=== Data to use ===
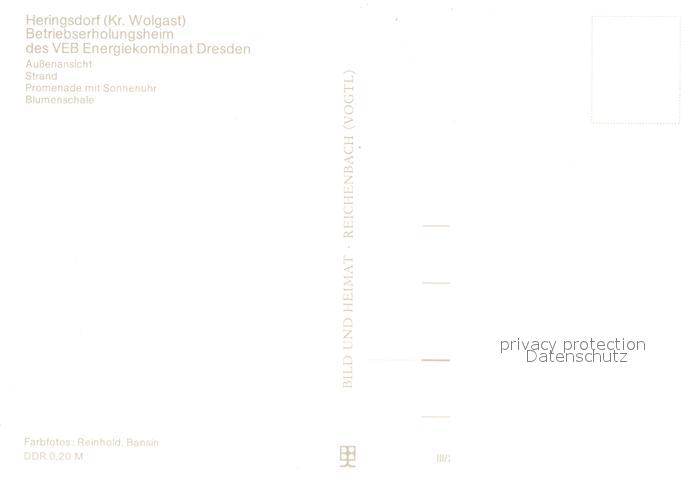 72971427 Heringsdorf Ostseebad Usedom Betriebserholungsheim VEB Energiekombinat Dresden Strand Promenade Sonnenuhr Blumenschale postalisch nicht gelaufen Erhaltung siehe scans [FriedD77] KatCode: 11110013059112
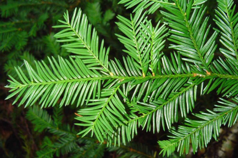 Хвоя 1-2,5 см в длину и 2 мм в ширину, сверху желтовато-зеленого цвета, снизу – светло-зеленая, плоская, слегка серповидно изогнутая, внезапно коротко заостренная, с едва выступающей средней жилкой, снизу с бледно-зелеными устьичными полосками, на коротких черешках. У основания хвоя длиннее, чем на верхушках. Зимой приобретает красноватый оттенок.
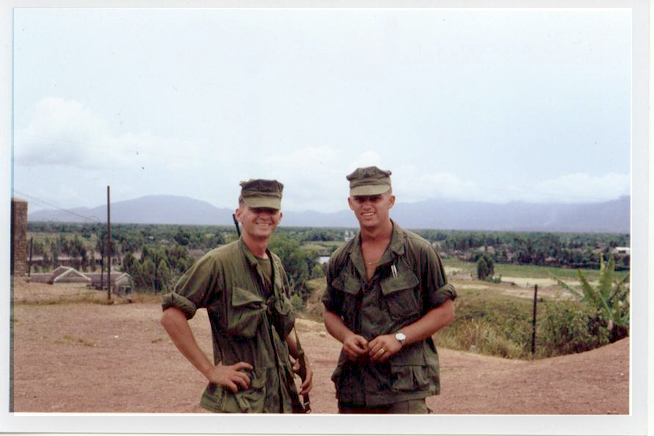 ![]() | Heavy rains on Operation Foster would not hinder their mission on this search and clear operation. Radioman LCpl Ray Reilley later KIA on Operation SUSSEX BAY 29 August 1968 and SSgt Al Keeton with his back to the photographer. |
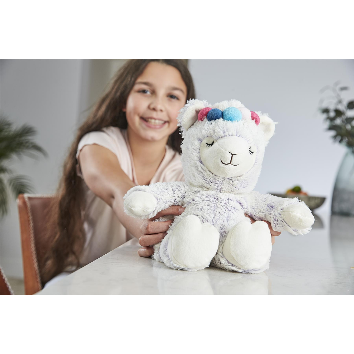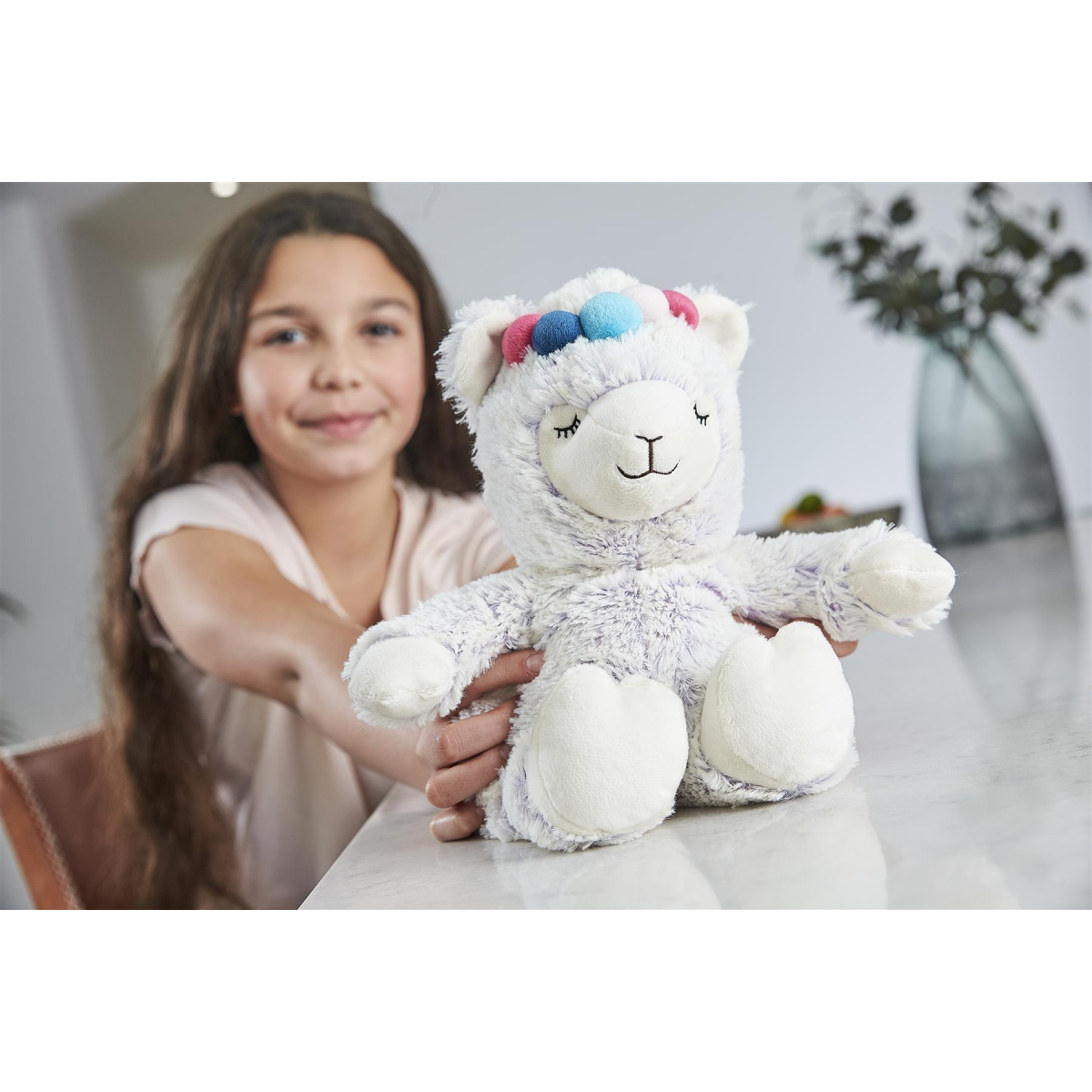 Warmies Marshmellow Llama is a fully heatable soft toy that can be heated in a microwave to provide hours of soothing warmth and comfort. These luxuriously soft plush designs are gently scented with relaxing lavender and can be reheated time and time again. Warmies are weighted, warming, scented and super cuddly. Simply warm for 60 seconds in a 850-1000W microwave or up to 90 seconds in a 600-800W microwave. Soothes, Warms and Comforts. Scented with French Lavender. Chill in a Freezer for Cooling Relief. Suitable for all ages. Surface clean regularly with a lightly damp cloth, allow to dry at room temperature. DO NOT IMMERSE IN WATER.
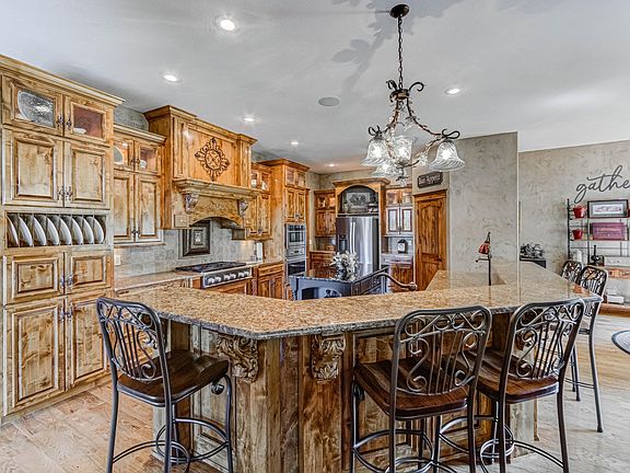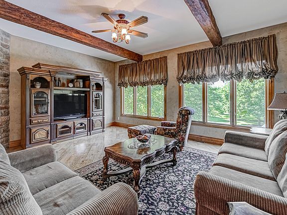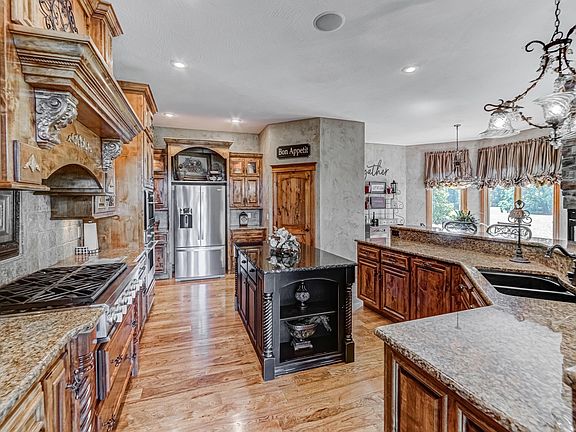 Welcome to this majestic 8,000+ sq ft maintenance free brick, stone and decking with outdoor lighting, cupola and finials. Custom eight-foot wooden door welcomes you into two story entry with beautiful hickory flooring throughout main level with 10-foot ceilings. The Formal dining room with faux stone columns leads you into living room with large stone fireplace and built ins that overlook the pool outside. Large kitchen has faux wood beams, hearth room and eating area with a see thru stone fireplace. Knotty alder cabinets are all soft close including bread drawer, warming drawer, and hidden trash container. All appliances are stainless steel GE Monogram with microwave/convection oven, two large islands, and walk-in pantry. Maintenance free covered deck off kitchen. Large laundry room with sink, huge closet, hidden laundry bins and coat and book drop-off. Front office has full wall of cabinets and vaulted beam ceiling next to Master in-suite. Master bedroom has lit up double tray ceiling with sitting area. Large double sink bathroom with jetted tub and large shower and double closet. Half bath off hallway. This home has double staircases for front and back. Second floor includes three huge bedrooms with walk- in closets. Two bedrooms share jack and jill bath with vaulted ceilings. Third bedroom has attached bath, window seat and built ins. There is a walk-in attic storage and hall attic fan. All bathrooms include their own linen closets. The Walk out basement leads to the patio with 40,000 gallon in-ground salt water ''L'' shaped diving pool with slide and diving board. Full bath with double sinks right inside patio doors. Large living area with surround sound attached billiards room with stone fireplace. Full bar with microwave, sink, and refrigerator. Two additional bedrooms with walk-in closets. Two large storage areas. Mechanical room and John Deere room that holds all pool system equipment. This home is a one owner builder built home in 2007.
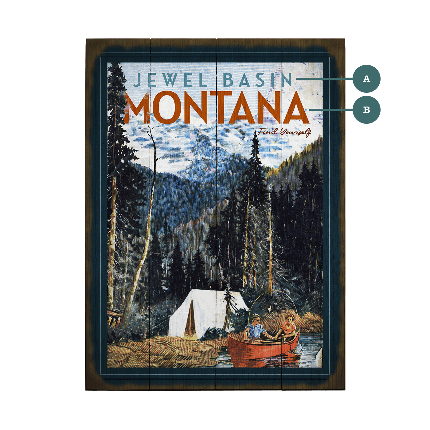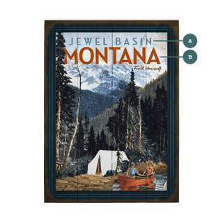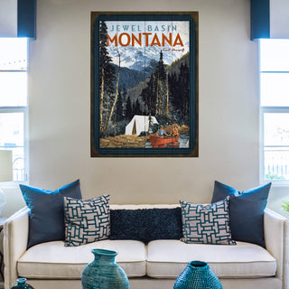 Discover the enchanting wilderness of Jewel Basin in Montana through this captivating artwork. Immerse yourself in the rustic charm of the great outdoors, depicted with a serene campsite and a couple canoeing amidst towering pines and snowy mountains. Add a touch of Montana’s majestic landscapes to your home decor with this unique, nature-themed artwork, ideal for anyone looking to bring the spirit of exploration and tranquility into their living space.
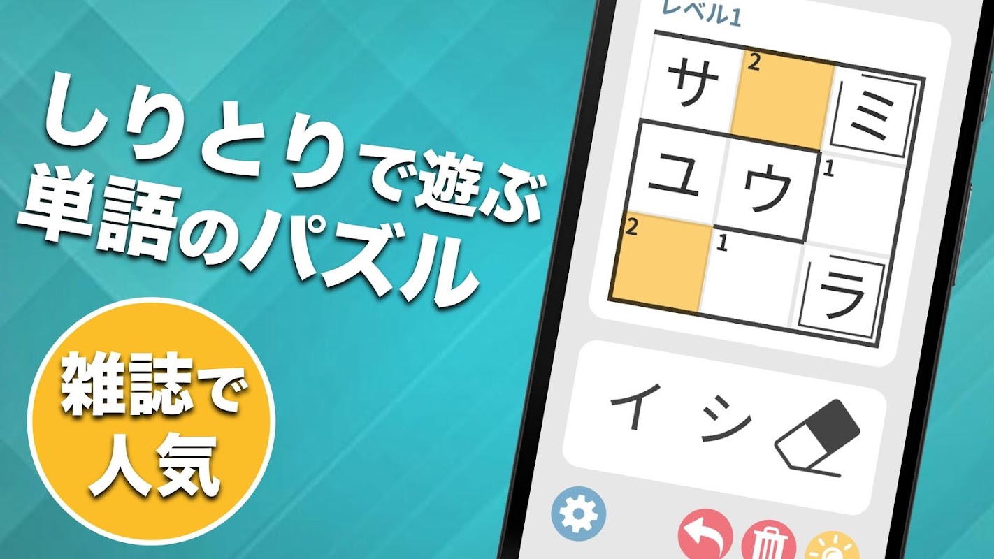 老若男女問わずサクサク遊べるしりとりナンバークロスワードパズルゲームです。スキマ時間にプレイして頭の体操をしましょう。

=== Requirement ===
Would you return the material exactly, images excluded?

=== Response to this exercise ===
 72971427 Heringsdorf Ostseebad Usedom Betriebserholungsheim VEB Energiekombinat Dresden Strand Promenade Sonnenuhr Blumenschale postalisch nicht gelaufen Erhaltung siehe scans [FriedD77] KatCode: 11110013059112
 Хвоя 1-2,5 см в длину и 2 мм в ширину, сверху желтовато-зеленого цвета, снизу – светло-зеленая, плоская, слегка серповидно изогнутая, внезапно коротко заостренная, с едва выступающей средней жилкой, снизу с бледно-зелеными устьичными полосками, на коротких черешках. У основания хвоя длиннее, чем на верхушках. Зимой приобретает красноватый оттенок.
 ![]() | Heavy rains on Operation Foster would not hinder their mission on this search and clear operation. Radioman LCpl Ray Reilley later KIA on Operation SUSSEX BAY 29 August 1968 and SSgt Al Keeton with his back to the photographer. |
 Warmies Marshmellow Llama is a fully heatable soft toy that can be heated in a microwave to provide hours of soothing warmth and comfort. These luxuriously soft plush designs are gently scented with relaxing lavender and can be reheated time and time again. Warmies are weighted, warming, scented and super cuddly. Simply warm for 60 seconds in a 850-1000W microwave or up to 90 seconds in a 600-800W microwave. Soothes, Warms and Comforts. Scented with French Lavender. Chill in a Freezer for Cooling Relief. Suitable for all ages. Surface clean regularly with a lightly damp cloth, allow to dry at room temperature. DO NOT IMMERSE IN WATER.
 Welcome to this majestic 8,000+ sq ft maintenance free brick, stone and decking with outdoor lighting, cupola and finials. Custom eight-foot wooden door welcomes you into two story entry with beautiful hickory flooring throughout main level with 10-foot ceilings. The Formal dining room with faux stone columns leads you into living room with large stone fireplace and built ins that overlook the pool outside. Large kitchen has faux wood beams, hearth room and eating area with a see thru stone fireplace. Knotty alder cabinets are all soft close including bread drawer, warming drawer, and hidden trash container. All appliances are stainless steel GE Monogram with microwave/convection oven, two large islands, and walk-in pantry. Maintenance free covered deck off kitchen. Large laundry room with sink, huge closet, hidden laundry bins and coat and book drop-off. Front office has full wall of cabinets and vaulted beam ceiling next to Master in-suite. Master bedroom has lit up double tray ceiling with sitting area. Large double sink bathroom with jetted tub and large shower and double closet. Half bath off hallway. This home has double staircases for front and back. Second floor includes three huge bedrooms with walk- in closets. Two bedrooms share jack and jill bath with vaulted ceilings. Third bedroom has attached bath, window seat and built ins. There is a walk-in attic storage and hall attic fan. All bathrooms include their own linen closets. The Walk out basement leads to the patio with 40,000 gallon in-ground salt water ''L'' shaped diving pool with slide and diving board. Full bath with double sinks right inside patio doors. Large living area with surround sound attached billiards room with stone fireplace. Full bar with microwave, sink, and refrigerator. Two additional bedrooms with walk-in closets. Two large storage areas. Mechanical room and John Deere room that holds all pool system equipment. This home is a one owner builder built home in 2007.
 Discover the enchanting wilderness of Jewel Basin in Montana through this captivating artwork. Immerse yourself in the rustic charm of the great outdoors, depicted with a serene campsite and a couple canoeing amidst towering pines and snowy mountains. Add a touch of Montana’s majestic landscapes to your home decor with this unique, nature-themed artwork, ideal for anyone looking to bring the spirit of exploration and tranquility into their living space.
 老若男女問わずサクサク遊べるしりとりナンバークロスワードパズルゲームです。スキマ時間にプレイして頭の体操をしましょう。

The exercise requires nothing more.